--- Listed entries Enclosed Below ---
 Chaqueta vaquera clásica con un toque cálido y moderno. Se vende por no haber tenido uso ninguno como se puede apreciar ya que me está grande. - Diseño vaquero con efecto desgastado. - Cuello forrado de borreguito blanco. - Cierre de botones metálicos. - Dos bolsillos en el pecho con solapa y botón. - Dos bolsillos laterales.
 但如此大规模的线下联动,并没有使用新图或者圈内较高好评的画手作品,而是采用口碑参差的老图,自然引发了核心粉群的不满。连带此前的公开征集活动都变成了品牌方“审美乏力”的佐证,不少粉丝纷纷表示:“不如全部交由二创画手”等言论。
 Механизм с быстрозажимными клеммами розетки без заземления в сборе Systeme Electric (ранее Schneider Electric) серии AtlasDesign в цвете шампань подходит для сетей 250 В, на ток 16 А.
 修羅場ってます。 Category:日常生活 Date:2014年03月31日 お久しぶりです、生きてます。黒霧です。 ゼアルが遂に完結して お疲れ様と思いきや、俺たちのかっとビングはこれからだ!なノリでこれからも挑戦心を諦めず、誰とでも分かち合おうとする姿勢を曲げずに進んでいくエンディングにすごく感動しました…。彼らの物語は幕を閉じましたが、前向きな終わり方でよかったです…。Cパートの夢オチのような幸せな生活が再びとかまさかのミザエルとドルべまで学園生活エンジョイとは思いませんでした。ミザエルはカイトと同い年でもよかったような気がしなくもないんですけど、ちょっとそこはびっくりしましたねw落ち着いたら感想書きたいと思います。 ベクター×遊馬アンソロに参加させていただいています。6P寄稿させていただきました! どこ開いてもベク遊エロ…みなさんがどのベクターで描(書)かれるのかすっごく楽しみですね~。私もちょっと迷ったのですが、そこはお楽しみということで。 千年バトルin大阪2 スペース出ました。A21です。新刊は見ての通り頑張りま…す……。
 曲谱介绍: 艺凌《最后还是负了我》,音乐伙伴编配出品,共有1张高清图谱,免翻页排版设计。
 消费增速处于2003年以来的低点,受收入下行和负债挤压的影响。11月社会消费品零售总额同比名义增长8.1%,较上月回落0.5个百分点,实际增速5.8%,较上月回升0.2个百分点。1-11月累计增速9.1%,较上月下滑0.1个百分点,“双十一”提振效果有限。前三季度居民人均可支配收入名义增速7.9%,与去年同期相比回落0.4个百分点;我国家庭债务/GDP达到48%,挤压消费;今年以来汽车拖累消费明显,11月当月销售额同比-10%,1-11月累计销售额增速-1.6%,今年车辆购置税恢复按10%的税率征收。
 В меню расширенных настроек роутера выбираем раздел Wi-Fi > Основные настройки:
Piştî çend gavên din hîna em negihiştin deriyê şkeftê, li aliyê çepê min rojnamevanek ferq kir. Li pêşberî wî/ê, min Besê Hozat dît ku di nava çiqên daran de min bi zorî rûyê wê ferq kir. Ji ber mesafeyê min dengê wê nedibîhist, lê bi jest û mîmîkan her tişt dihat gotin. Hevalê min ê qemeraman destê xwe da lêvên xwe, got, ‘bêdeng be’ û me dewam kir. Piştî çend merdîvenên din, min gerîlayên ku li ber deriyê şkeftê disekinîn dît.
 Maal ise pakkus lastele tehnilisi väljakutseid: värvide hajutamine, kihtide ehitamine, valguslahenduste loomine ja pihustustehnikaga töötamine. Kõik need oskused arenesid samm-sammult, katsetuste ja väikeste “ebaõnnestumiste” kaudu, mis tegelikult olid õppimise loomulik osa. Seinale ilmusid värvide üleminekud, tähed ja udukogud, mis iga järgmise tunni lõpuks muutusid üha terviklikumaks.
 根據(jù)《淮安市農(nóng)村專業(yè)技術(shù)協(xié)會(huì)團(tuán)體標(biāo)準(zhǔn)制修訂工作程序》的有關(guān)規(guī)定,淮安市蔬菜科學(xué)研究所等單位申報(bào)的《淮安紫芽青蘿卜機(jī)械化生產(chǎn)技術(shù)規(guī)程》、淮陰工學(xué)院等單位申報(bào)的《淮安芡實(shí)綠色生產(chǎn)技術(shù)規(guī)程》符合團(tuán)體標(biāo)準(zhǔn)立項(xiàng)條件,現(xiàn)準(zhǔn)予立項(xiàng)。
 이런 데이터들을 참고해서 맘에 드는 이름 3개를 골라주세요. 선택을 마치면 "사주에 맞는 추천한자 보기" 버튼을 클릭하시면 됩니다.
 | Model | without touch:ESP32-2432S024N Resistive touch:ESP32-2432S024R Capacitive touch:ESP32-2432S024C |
--- End of Enclosed Listed entries ---
→ Work to be completed
The entries shown above should be duplicated exactly.

→ Reply to the exercise
 Chaqueta vaquera clásica con un toque cálido y moderno. Se vende por no haber tenido uso ninguno como se puede apreciar ya que me está grande. - Diseño vaquero con efecto desgastado. - Cuello forrado de borreguito blanco. - Cierre de botones metálicos. - Dos bolsillos en el pecho con solapa y botón. - Dos bolsillos laterales.
 但如此大规模的线下联动,并没有使用新图或者圈内较高好评的画手作品,而是采用口碑参差的老图,自然引发了核心粉群的不满。连带此前的公开征集活动都变成了品牌方“审美乏力”的佐证,不少粉丝纷纷表示:“不如全部交由二创画手”等言论。
 Механизм с быстрозажимными клеммами розетки без заземления в сборе Systeme Electric (ранее Schneider Electric) серии AtlasDesign в цвете шампань подходит для сетей 250 В, на ток 16 А.
 修羅場ってます。 Category:日常生活 Date:2014年03月31日 お久しぶりです、生きてます。黒霧です。 ゼアルが遂に完結して お疲れ様と思いきや、俺たちのかっとビングはこれからだ!なノリでこれからも挑戦心を諦めず、誰とでも分かち合おうとする姿勢を曲げずに進んでいくエンディングにすごく感動しました…。彼らの物語は幕を閉じましたが、前向きな終わり方でよかったです…。Cパートの夢オチのような幸せな生活が再びとかまさかのミザエルとドルべまで学園生活エンジョイとは思いませんでした。ミザエルはカイトと同い年でもよかったような気がしなくもないんですけど、ちょっとそこはびっくりしましたねw落ち着いたら感想書きたいと思います。 ベクター×遊馬アンソロに参加させていただいています。6P寄稿させていただきました! どこ開いてもベク遊エロ…みなさんがどのベクターで描(書)かれるのかすっごく楽しみですね~。私もちょっと迷ったのですが、そこはお楽しみということで。 千年バトルin大阪2 スペース出ました。A21です。新刊は見ての通り頑張りま…す……。
 曲谱介绍: 艺凌《最后还是负了我》,音乐伙伴编配出品,共有1张高清图谱,免翻页排版设计。
 消费增速处于2003年以来的低点,受收入下行和负债挤压的影响。11月社会消费品零售总额同比名义增长8.1%,较上月回落0.5个百分点,实际增速5.8%,较上月回升0.2个百分点。1-11月累计增速9.1%,较上月下滑0.1个百分点,“双十一”提振效果有限。前三季度居民人均可支配收入名义增速7.9%,与去年同期相比回落0.4个百分点;我国家庭债务/GDP达到48%,挤压消费;今年以来汽车拖累消费明显,11月当月销售额同比-10%,1-11月累计销售额增速-1.6%,今年车辆购置税恢复按10%的税率征收。
 В меню расширенных настроек роутера выбираем раздел Wi-Fi > Основные настройки:
Piştî çend gavên din hîna em negihiştin deriyê şkeftê, li aliyê çepê min rojnamevanek ferq kir. Li pêşberî wî/ê, min Besê Hozat dît ku di nava çiqên daran de min bi zorî rûyê wê ferq kir. Ji ber mesafeyê min dengê wê nedibîhist, lê bi jest û mîmîkan her tişt dihat gotin. Hevalê min ê qemeraman destê xwe da lêvên xwe, got, ‘bêdeng be’ û me dewam kir. Piştî çend merdîvenên din, min gerîlayên ku li ber deriyê şkeftê disekinîn dît.
 Maal ise pakkus lastele tehnilisi väljakutseid: värvide hajutamine, kihtide ehitamine, valguslahenduste loomine ja pihustustehnikaga töötamine. Kõik need oskused arenesid samm-sammult, katsetuste ja väikeste “ebaõnnestumiste” kaudu, mis tegelikult olid õppimise loomulik osa. Seinale ilmusid värvide üleminekud, tähed ja udukogud, mis iga järgmise tunni lõpuks muutusid üha terviklikumaks.
 根據(jù)《淮安市農(nóng)村專業(yè)技術(shù)協(xié)會(huì)團(tuán)體標(biāo)準(zhǔn)制修訂工作程序》的有關(guān)規(guī)定,淮安市蔬菜科學(xué)研究所等單位申報(bào)的《淮安紫芽青蘿卜機(jī)械化生產(chǎn)技術(shù)規(guī)程》、淮陰工學(xué)院等單位申報(bào)的《淮安芡實(shí)綠色生產(chǎn)技術(shù)規(guī)程》符合團(tuán)體標(biāo)準(zhǔn)立項(xiàng)條件,現(xiàn)準(zhǔn)予立項(xiàng)。
 이런 데이터들을 참고해서 맘에 드는 이름 3개를 골라주세요. 선택을 마치면 "사주에 맞는 추천한자 보기" 버튼을 클릭하시면 됩니다.
 | Model | without touch:ESP32-2432S024N Resistive touch:ESP32-2432S024R Capacitive touch:ESP32-2432S024C |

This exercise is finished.